The Collegiate Church of St Endellion stands beside the road to Wadebridge and is a large Perpendiculaty style building of the 15th century noted for its carved stone and woodwork.

The earliest record of the church is in 1260, and in 1288 it is recorded as a collegiate church with four prebends, one of which carried the cure of souls and later became associated with the rectory. The collegiate foundation survived the dissolution of colleges in 1545, when only the rector was resident, and it continues in modified form today. One prebend is held by the Rector, while the others are usually held by incumbents of nearby parishes, including the prebend of Marnay's (St Elen's), commonly attached to Lanhydrock.

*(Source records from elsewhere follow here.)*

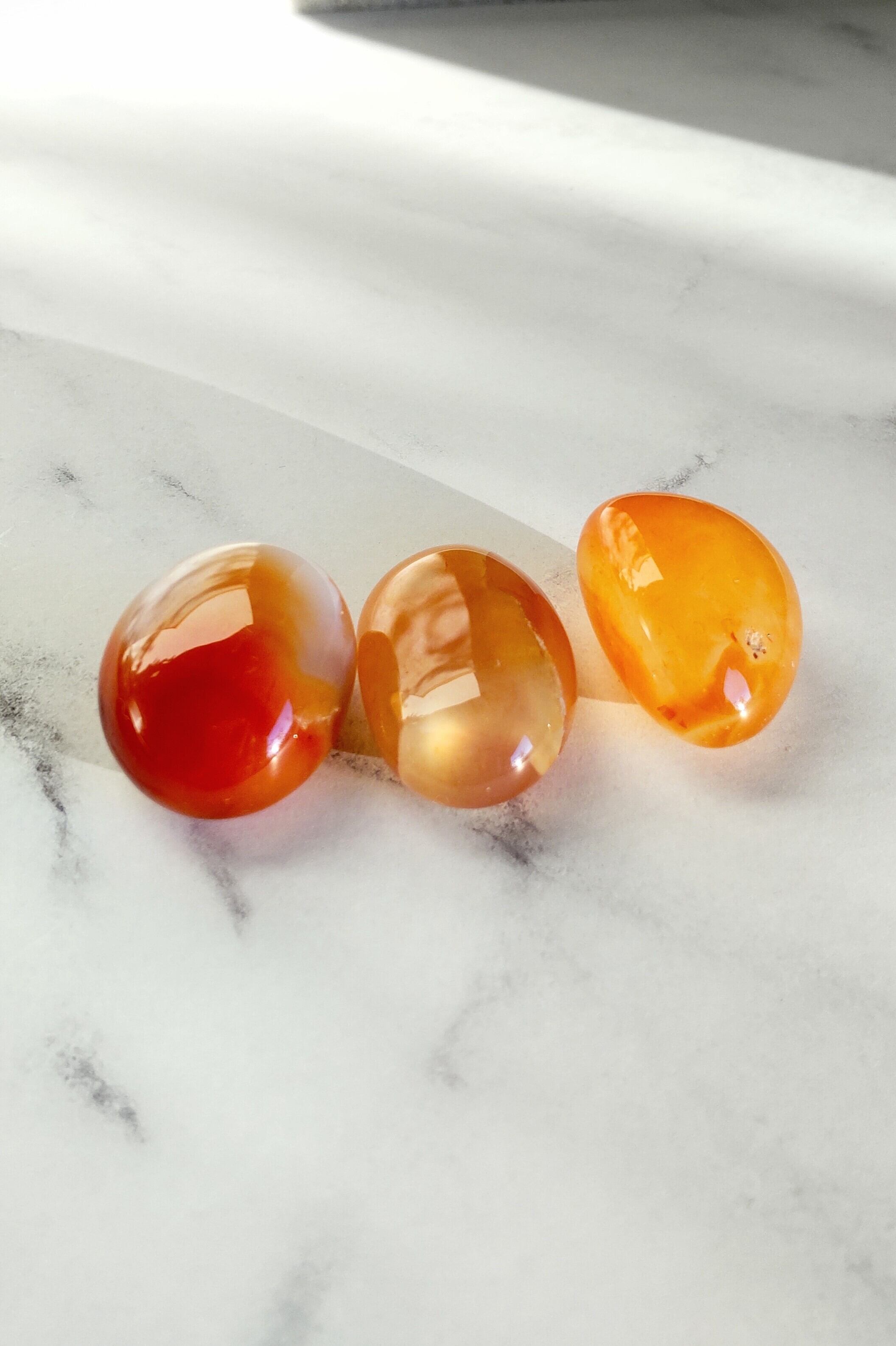 カーネリアンのタンブル(3個)とゴールデンヒーラーのタンブル(3個)のセット。
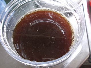 6. Combine juice, dashi (for me, water + instant dashi), and soy sauce at your desired ratio (for me, 1:1:1). Add some dried bonito shavings (katsuobushi) and kombu (I simply left them out).
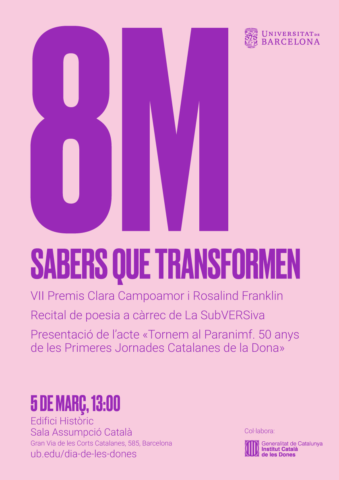 La UB se suma a la commemoració del 8 M amb un acte institucional anomenat “Sabers que transformen” que comptarà amb l’entrega dels VII Premis Clara Campoamor i Rosalind Franklin, un recital de poesia a càrrec de La SubVERSiva i la presentació de l’acte “Tornem al Paranimf. 50 anys de les Primeres Jornades Catalanes de la Dona“.
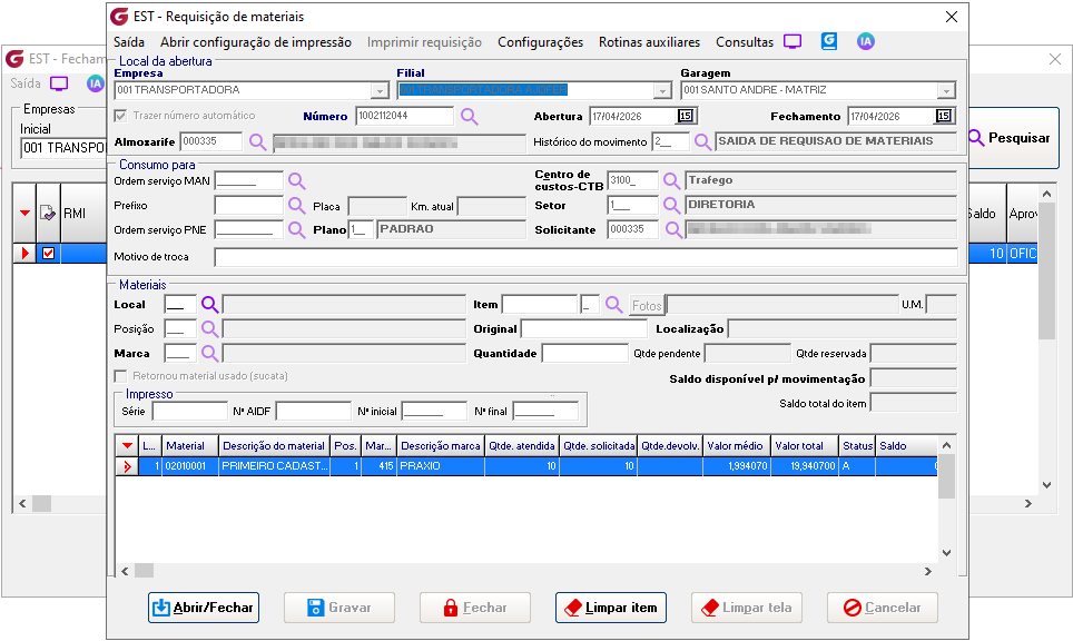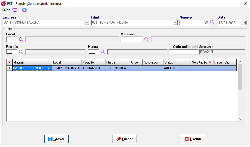Realizar solicitações de materiais para uso em setores diversos da empresa. |
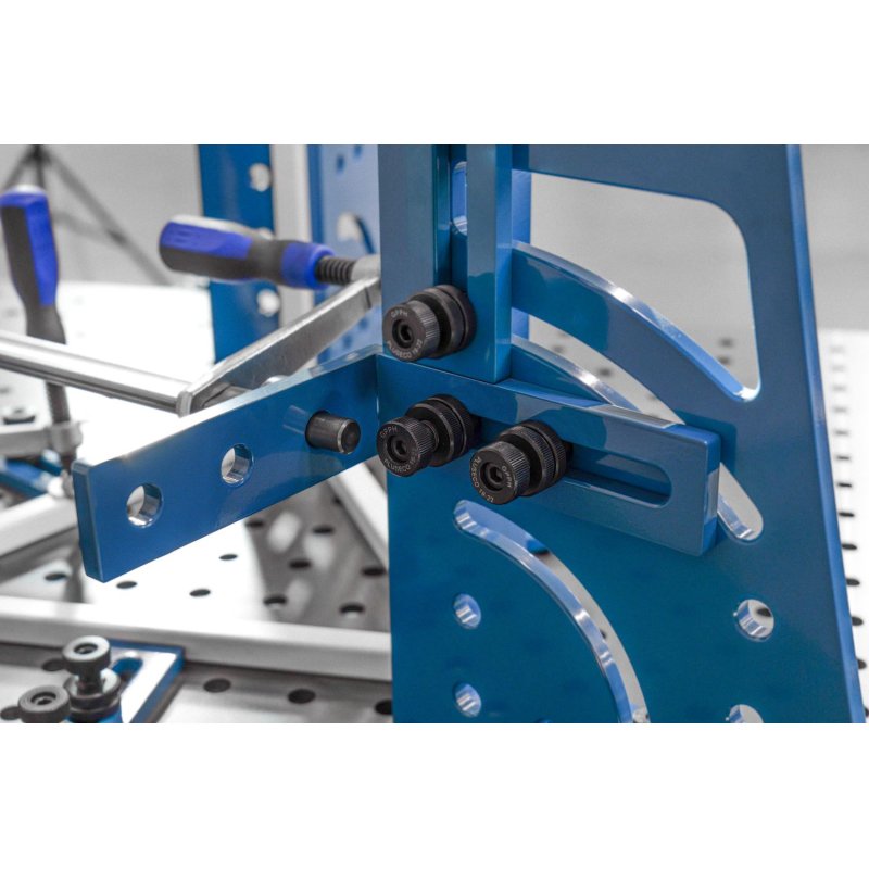 Utilizando os furos redondos e o furo ranhurado, o utilizador pode posicioná-la tanto na mesa como juntando-a a outras ferramentas. Permite criar as estruturas 3D mantendo os ângulos adequados dos componentes soldados.
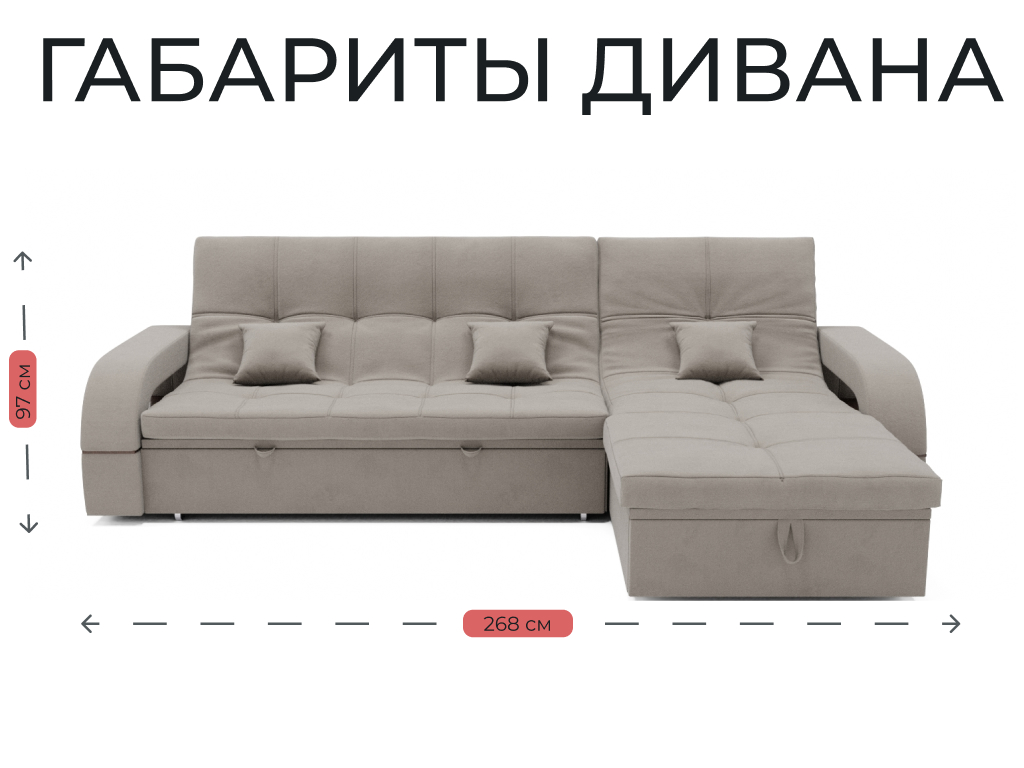 Он имеет высоту 97 см, ширину 268 см и глубину 175 см. Диван обладает универсальным расположением угла, что позволяет его использовать в любом помещении.
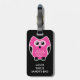 Here's a cute and funny luggage tag with a pink owl on a black background colour that you can change along with name drop monogram you can personalise and make your own. Replace the template name with your own name or monogram initials displayed on both sides.
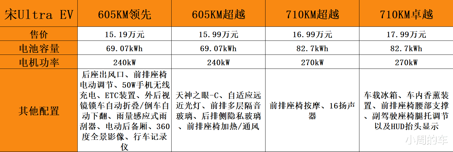 看到这儿先别着急入手,因为710KM超越型在605KM超越型的基础上又贵出了1万元,除了将电机最大功率提升到了270kW外(605KM版本电机功率240kW),电池组容量也由69.07kWh提升到了82.7kWh,纯电续航里程提升超过100km,配置端还增加了前排座椅按摩以及16扬声器(605KM版本扬声器数量为8个),该版本未来有望成为全系的走量车款。
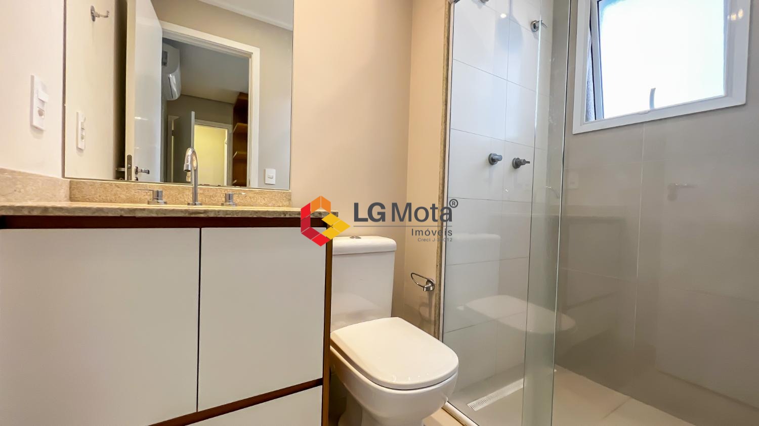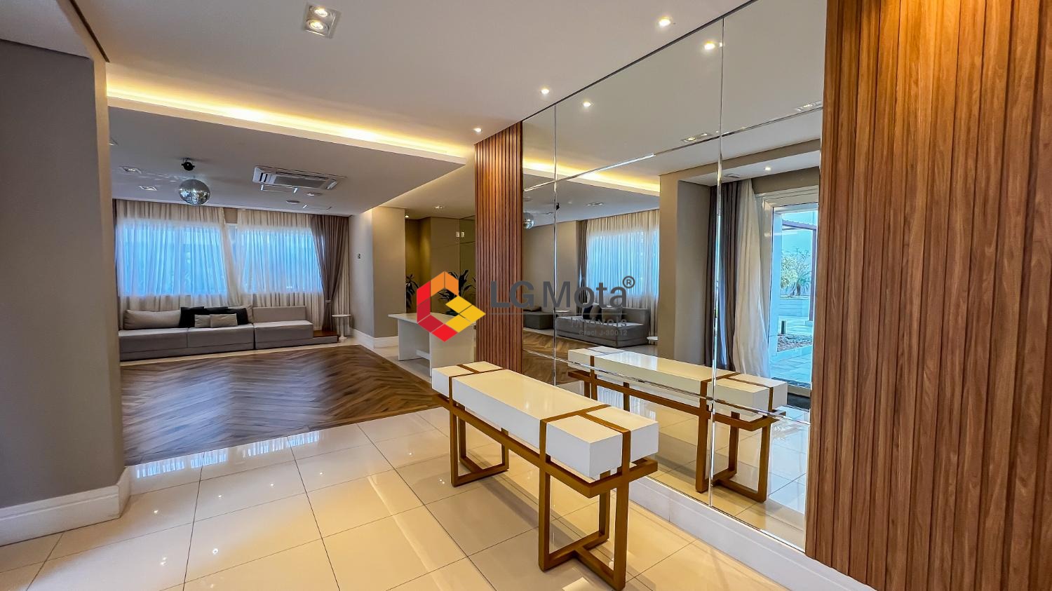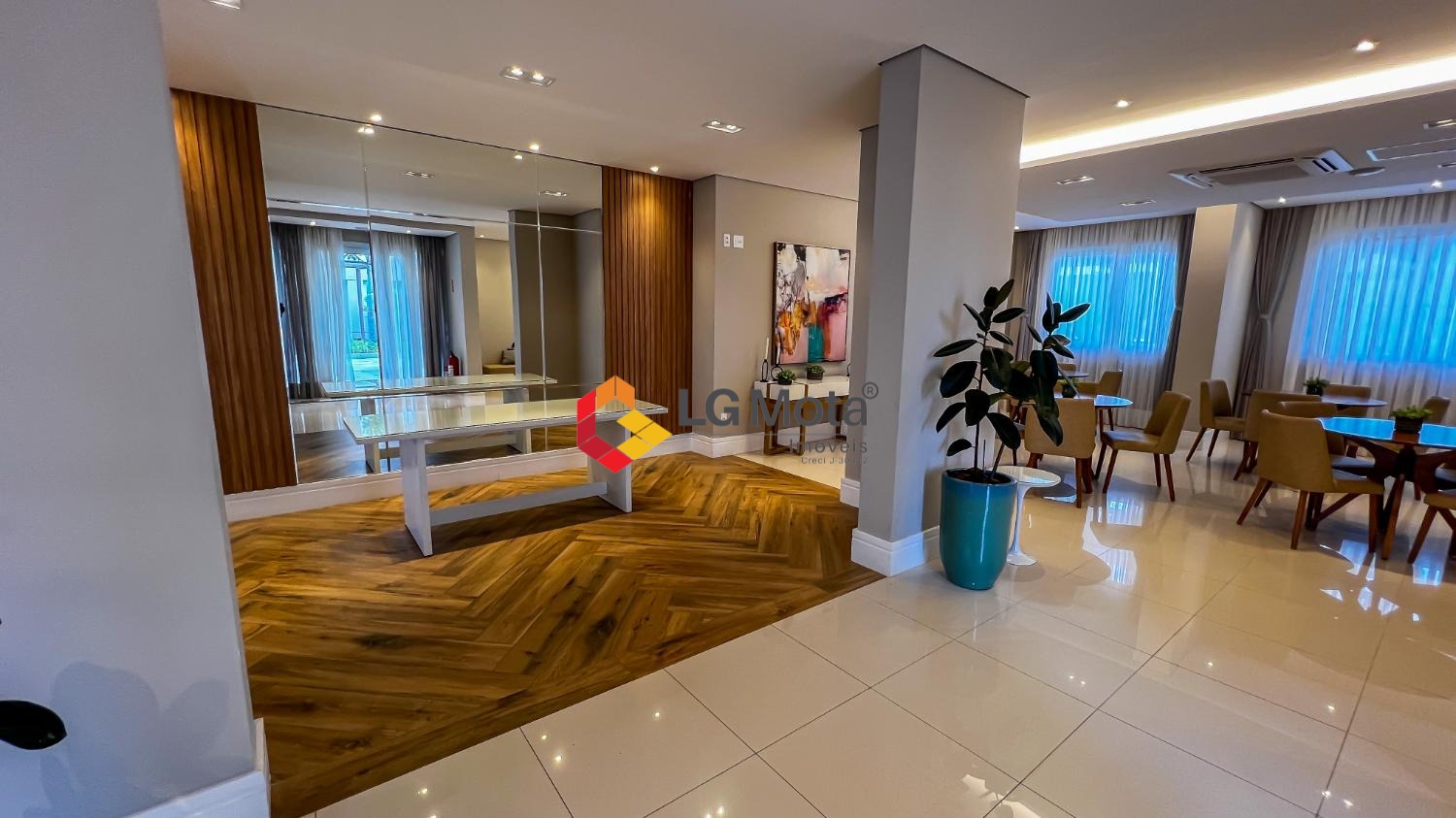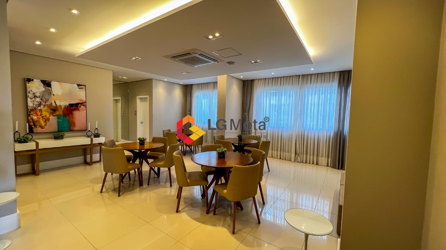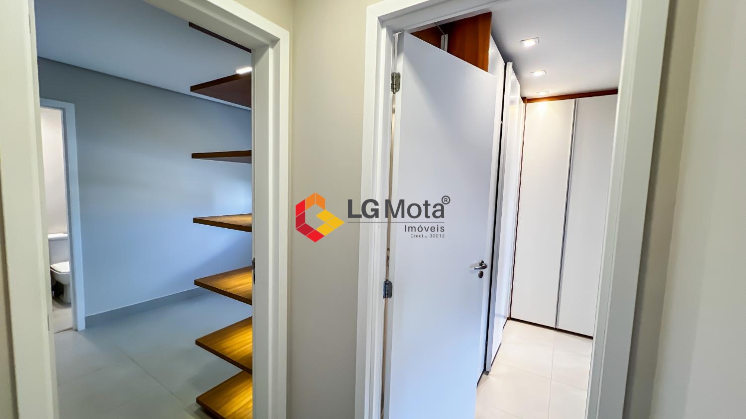 Living ampliado com painel para TV ripado em toda a extensão da parede, mesa de jantar, as duas suítes com armários, suíte master com closet, aparelho de ar no living e nas duas suítes.
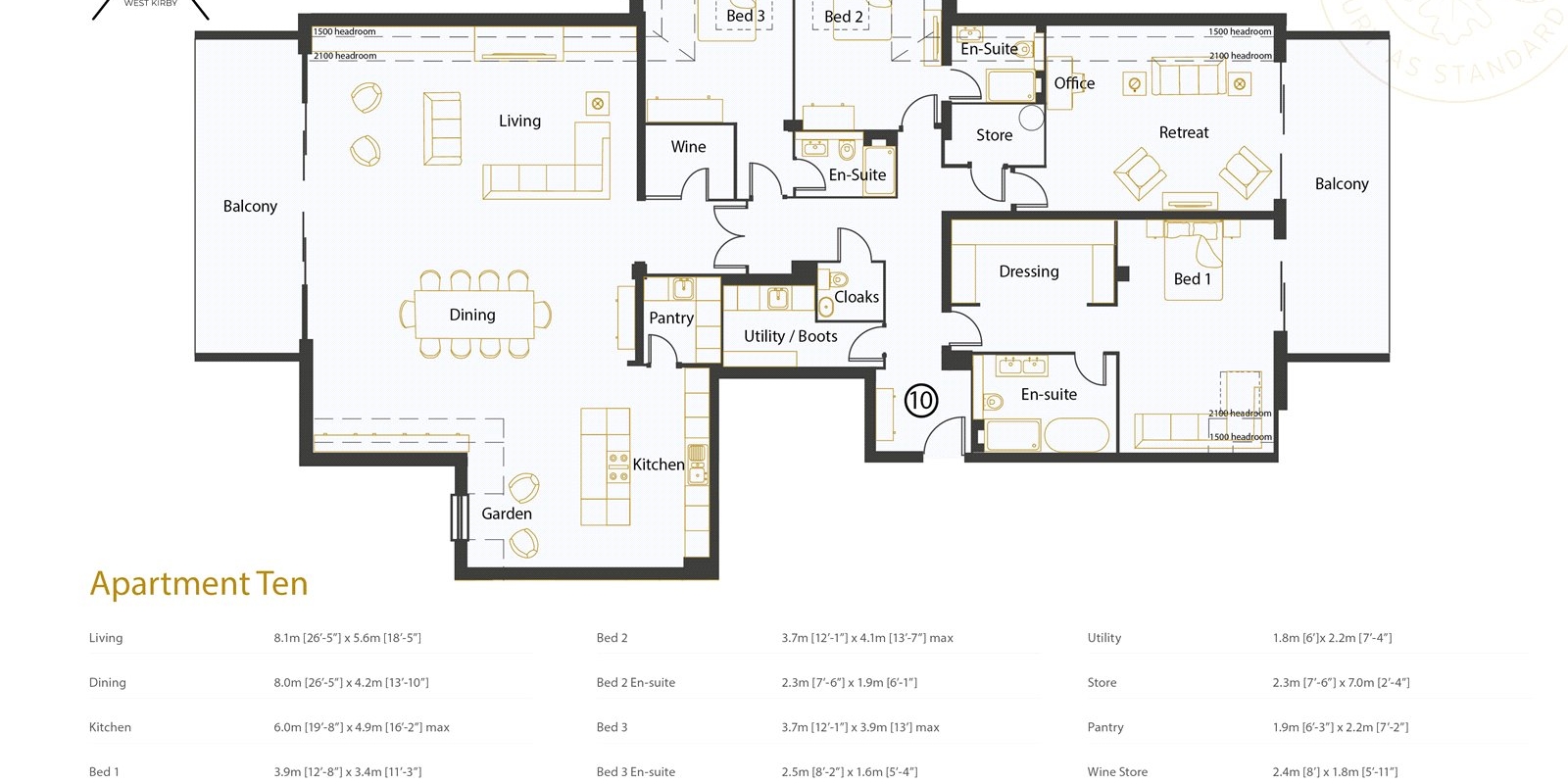 Apartment 10 is a beautifully crafted penthouse home, with underfloor heating throughout, comprising of three bedrooms, three en-suite bathrooms, utility/bootroom, separate cloaks/w.c. kitchen, dining, living room with valuted ceilings, retreat/home office, and two private balconies. One overlooks the beautiful landscaped garden and the Royal Liverpool Golf Course and further reaching views of Hilbre Island and the wirral coastline. The other, can be accessed from both the master bedroom and the retreat/home office space. Within easy reach of West Kirby town centre, enjoy a perfect blend of coastal calm, architectural elegance, and modern convenience. The convenience of the lift access only accentuates the premium elements of this development.
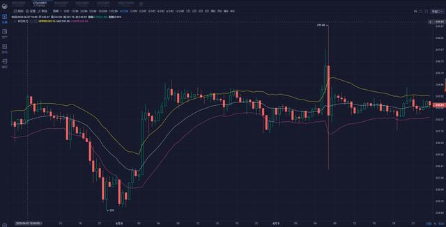 ETH:四小时线来看,布林轨道开口平行,早间币价一波拉升上行至249一线附近,随后空头来袭一路下行至238一线附近触底反弹向上,目前币价重回到布林中上轨区域,运行在243一线附近小幅调整,从均线中来看,MA5均线上穿各均线平行与MA10均线粘合在币价上方形成短期的一线压制,目前多空双方陷入焦灼状态,附图技术指标中,MACD快慢线粘合在零轴上方平行,空头能量有所缩量,RSI三线有拐头上行的走势,KDJ死叉向下发散,整体来看,目前行情属于震荡走势。操作上建议高空低多即可。
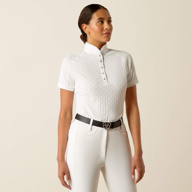Stand out and stay cool this show season in Showstopper X. Crafted from breathable, floral mesh fabric with just-right stretch and finished with crystal snaps and a shimmery logo, it's an elevated take on our rider-loved show shirt.
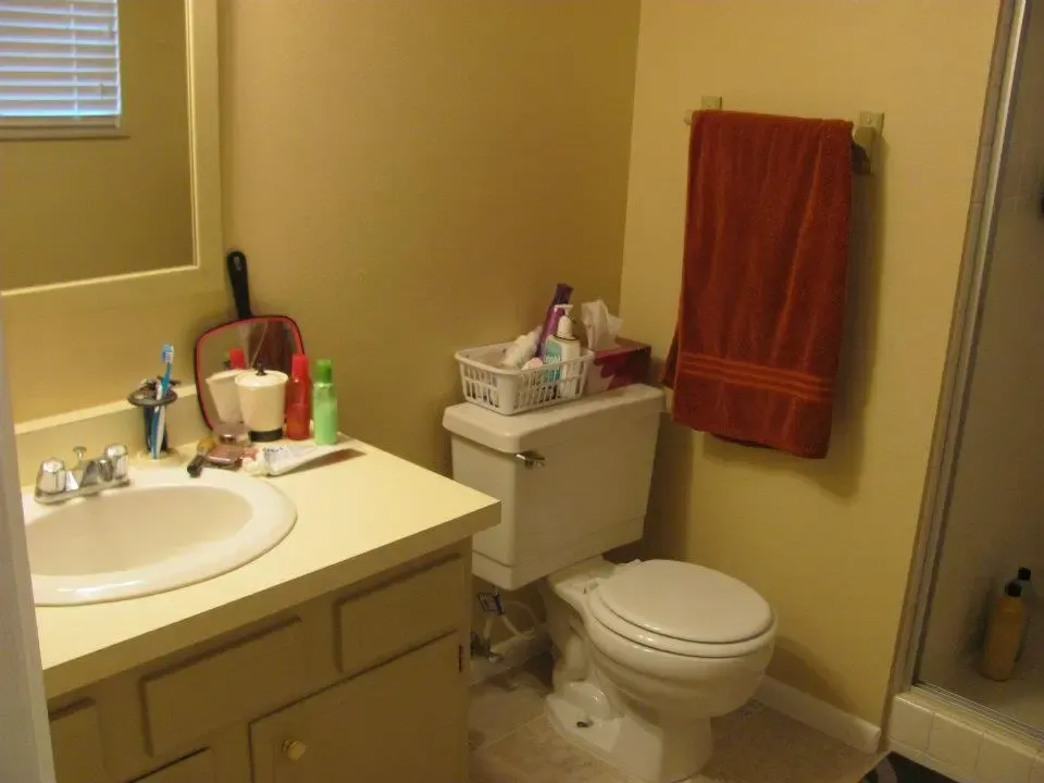 I wanted to show you a two step transformation that we did on our master bathroom. The first step was to, kind of, “get by” because the bathroom left a loooot to be desired. See here:
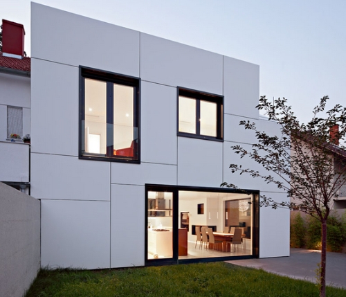 Kuća je istovremeno statična i pokrenuta. Oblikovna nepravilnost osnovne mase, njena solidnost i stamenost ublaženi su nepravilnim ortogonalnim rasterom fasadnih ploča, različitom veličinom i dispozicijom prozora, te igrom odnosa belih i crnih površina (puno-prazno). Igra parova suprotnosti ogleda se i u likovno-estetskom uobličavanju grubosti materijalizacije ogradnog zida i rafinirane glatkoće fasade površine.

A new ecclesiastical parish of Port Isaac was created from St Endellion in 1913, with one prebend forming the endowment of the new benefice. In 1929, Walter Frere, Bishop of Truro, revived the collegiate foundation under new statutes, making the rectoral prebend resident and stipendiary while remaining prebends became honorary but retained spiritual and chapter obligations. St Endellion remains one of only three medieval collegiate foundations in England to continue in active use outside academic institutions, the others being Westminster Abbey, and St George's Chapel, Windsor Castle. The church was designated as Grade I listed in 1969.

A former chapel at Roscarrock was already in ruins by 1814.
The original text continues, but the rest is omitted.